▸ Task instructions
Your job with the data below: print everything from the line that holds "Local lifestyle blogger" down to the line that holds "Mandala de 1,50", ends included, exactly, and nothing else.

======== Available data

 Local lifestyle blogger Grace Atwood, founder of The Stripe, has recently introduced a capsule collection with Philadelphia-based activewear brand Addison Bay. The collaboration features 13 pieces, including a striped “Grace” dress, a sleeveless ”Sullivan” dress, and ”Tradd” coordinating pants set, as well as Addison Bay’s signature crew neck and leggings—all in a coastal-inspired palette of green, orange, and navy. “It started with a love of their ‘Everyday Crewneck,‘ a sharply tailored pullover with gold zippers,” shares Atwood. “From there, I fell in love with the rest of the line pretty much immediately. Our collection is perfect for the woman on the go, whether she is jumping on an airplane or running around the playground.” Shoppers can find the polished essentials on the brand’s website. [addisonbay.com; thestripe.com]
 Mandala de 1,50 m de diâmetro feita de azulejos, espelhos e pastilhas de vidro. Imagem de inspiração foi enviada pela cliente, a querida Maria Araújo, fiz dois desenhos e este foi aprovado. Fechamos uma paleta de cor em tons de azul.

================
======== Available data

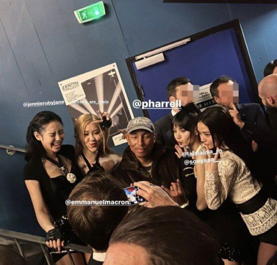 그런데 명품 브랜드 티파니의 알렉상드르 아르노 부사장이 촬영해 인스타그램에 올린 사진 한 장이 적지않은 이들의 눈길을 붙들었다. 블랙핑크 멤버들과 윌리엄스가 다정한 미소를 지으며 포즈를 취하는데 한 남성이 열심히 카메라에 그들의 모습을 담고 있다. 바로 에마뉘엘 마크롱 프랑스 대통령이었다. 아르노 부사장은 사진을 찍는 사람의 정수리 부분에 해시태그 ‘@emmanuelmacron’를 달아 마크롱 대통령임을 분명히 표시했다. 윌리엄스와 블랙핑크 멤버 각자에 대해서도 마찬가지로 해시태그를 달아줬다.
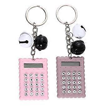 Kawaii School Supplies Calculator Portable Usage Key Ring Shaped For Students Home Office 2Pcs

================
======== Available data

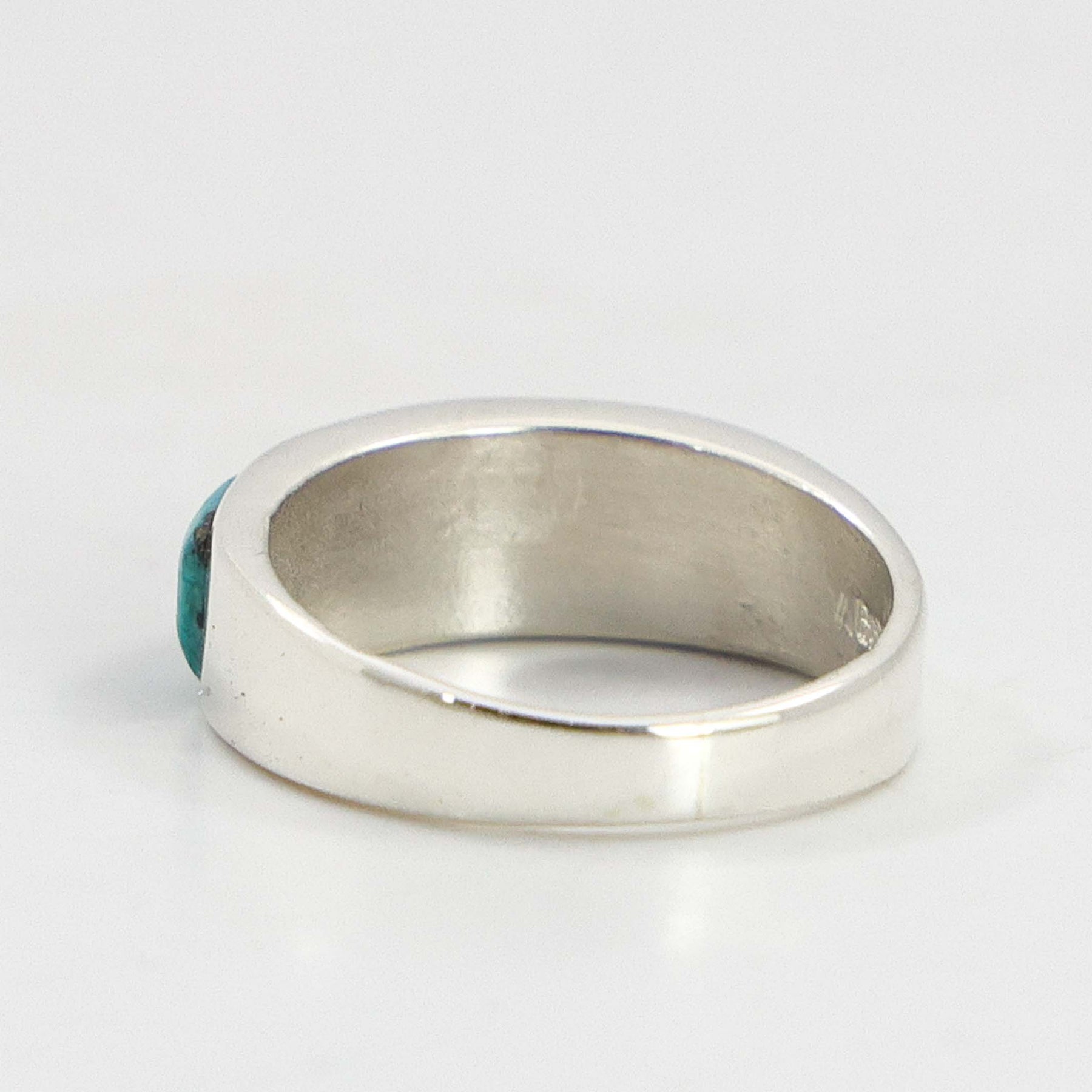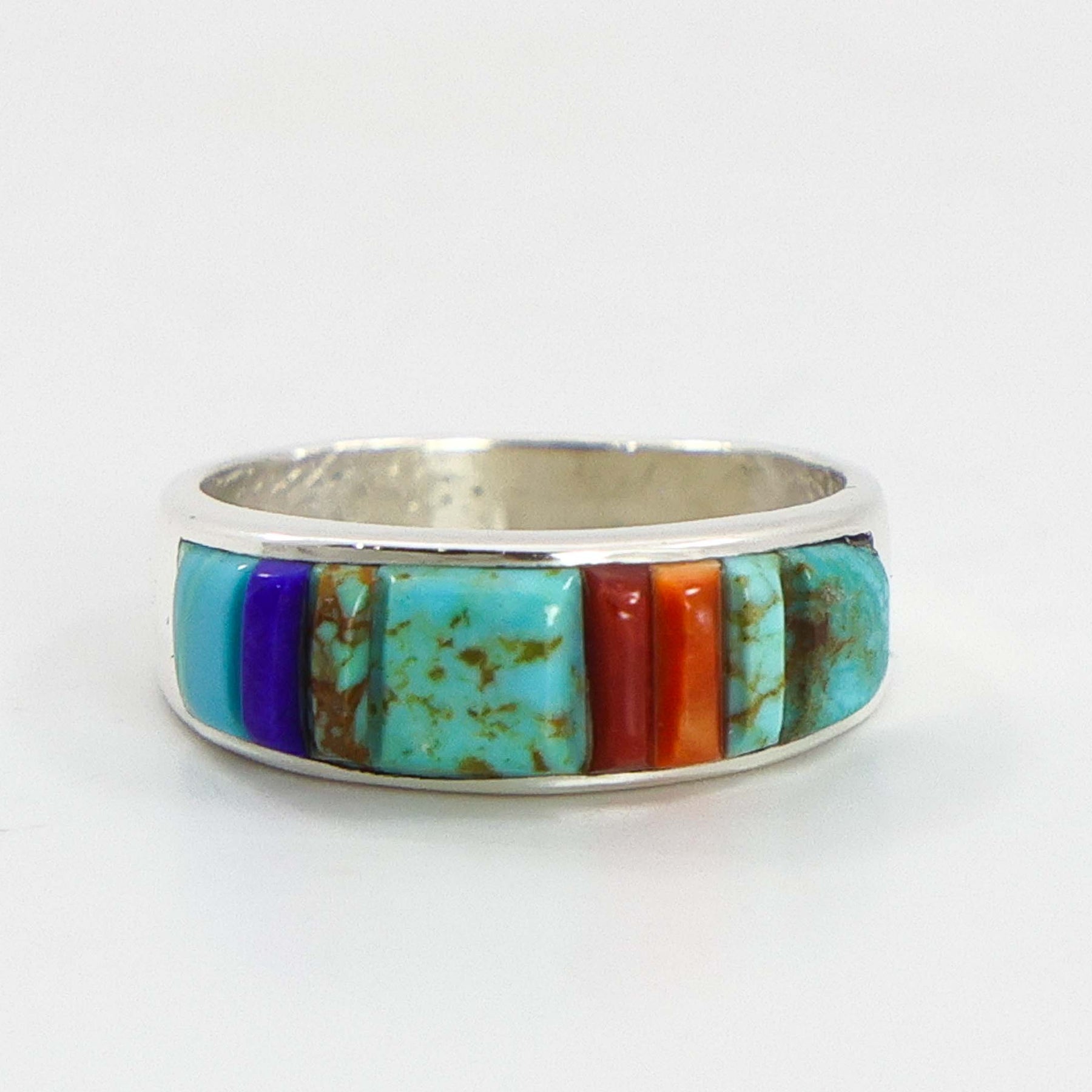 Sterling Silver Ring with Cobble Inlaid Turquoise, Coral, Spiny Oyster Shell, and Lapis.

================

▸ Solution
 Local lifestyle blogger Grace Atwood, founder of The Stripe, has recently introduced a capsule collection with Philadelphia-based activewear brand Addison Bay. The collaboration features 13 pieces, including a striped “Grace” dress, a sleeveless ”Sullivan” dress, and ”Tradd” coordinating pants set, as well as Addison Bay’s signature crew neck and leggings—all in a coastal-inspired palette of green, orange, and navy. “It started with a love of their ‘Everyday Crewneck,‘ a sharply tailored pullover with gold zippers,” shares Atwood. “From there, I fell in love with the rest of the line pretty much immediately. Our collection is perfect for the woman on the go, whether she is jumping on an airplane or running around the playground.” Shoppers can find the polished essentials on the brand’s website. [addisonbay.com; thestripe.com]
 Mandala de 1,50 m de diâmetro feita de azulejos, espelhos e pastilhas de vidro. Imagem de inspiração foi enviada pela cliente, a querida Maria Araújo, fiz dois desenhos e este foi aprovado. Fechamos uma paleta de cor em tons de azul.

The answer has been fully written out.